Stored data: Begin
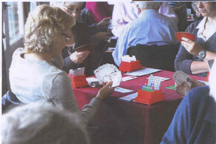
A serious moment during our Bridge tea
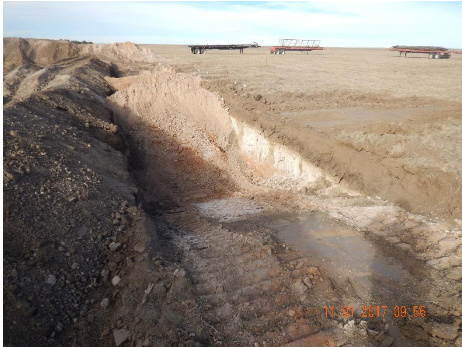
Photo 21: Photo taken from the north end of the location, facing west. Photo shows pit that has been constructed.
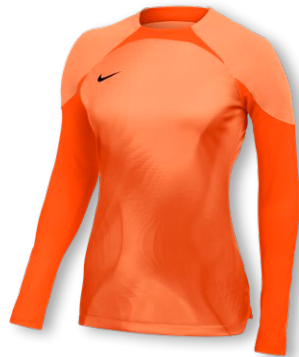
NIKE DF ADV GARDIEN IV GK JERSEY US LS DH8226 Page 32
Stored data: End
What is needed is an exact transcription of the lines from the one holding "Photo 21: Photo" to the end of the data, with every picture left out.

Photo 21: Photo taken from the north end of the location, facing west. Photo shows pit that has been constructed.
NIKE DF ADV GARDIEN IV GK JERSEY US LS DH8226 Page 32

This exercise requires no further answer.